The neighborhood has changed since he arrived, Nolte said. "The reason we stayed for 30 years is the people who live in the neighborhood," Nolte said. "The future looks very good."

The alderman representing the area, Dorothy Kirner, D-25th Ward, said the street is being helped by young blood, like Aufiero and Chen. "They're very diversified, very neighborhood-minded," she said.

Kirner knows about the old days on Meramec. She and her husband, the late Dan Kirner, operated a grocery store there from 1959 to 1964. Dan Kirner went on to be a city police officer and an alderman after his retirement from the police department. Dorothy Kirner succeeded her husband after his death in 2004.

"St. Louis Bakery was the best bakery in South St. Louis," Dorothy Kirner said, noting there actually were two bakeries in the neighborhood, along with a jewelry store and a Catholic supply store, she said. "I think it's ready to come back, small specialty stores."

Looking way back, there's evidence of settlements near present-day Meramec and Virginia by the 1820s, said NiNi Harris, an author and historian on St. Louis topics who lives in the Carondelet neighborhood.

The neighborhood took form as a community in the 1850s and went into a boom after the Civil War, she said.

In the 1970s, many storefronts were losing their original purpose of providing neighborhood services as they competed with suburban malls, Harris said. Now the old storefronts and the commercial district are finding new uses, spurring neighborhood redevelopment, she said.

The street itself is a hill that slowly rises to a high point at St. Anthony of Padua Catholic Church with its twin 175-foot spires. Then it descends slowly to South Broadway.

"It feels like a medieval European village with those great church steeples of a Romanesque church towering over the village center," Harris said. Around the church are turn-of-the-century brick storefronts, she said. Among the storefronts are antique shops, Winkelmann Drug-Home Health Care at Virginia and Meramec, Behrmann's bar at Compton and Meramec and the Feasting Fox restaurant at Grand and Meramec.

Among people who live in the neighborhood, feelings are mixed.

"It's convenient to shopping, convenient to take a bus.
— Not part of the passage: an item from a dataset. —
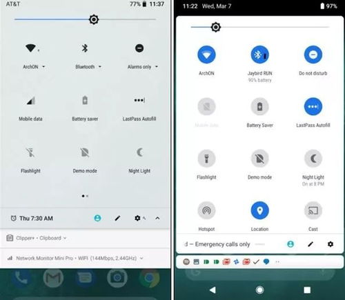 首先,咱们得聊聊外观设计。安卓9系统采用了全新的“Pie”设计,界面简洁,色彩搭配清新,给人一种小清新的感觉。而安卓10系统则在Pie的基础上进行了优化,加入了更多的个性化元素,界面更加时尚,给人一种眼前一亮的感觉。

It's a quiet neighborhood as far as I can see," said Deborah Jennings, who recently moved from downtown to an apartment on Virginia Avenue south of Meramec.

But others worry about gangs and crime.

"I think it's kind of worse now than when I first moved in," said Lisa Losh, 32, who has lived about three years in the Sheraton Apartments on Michigan south of Meramec. "I wouldn't go out at night or early in the morning."

Chen agreed that Dutchtown ranks high in the overall number of crimes compared to other city neighborhoods. But Aufiero said it is improving. The new streetlights on Meramec are helping to make people feel more secure, she said.

"One person commented that you actually see families out walking together in the evening," Aufiero said.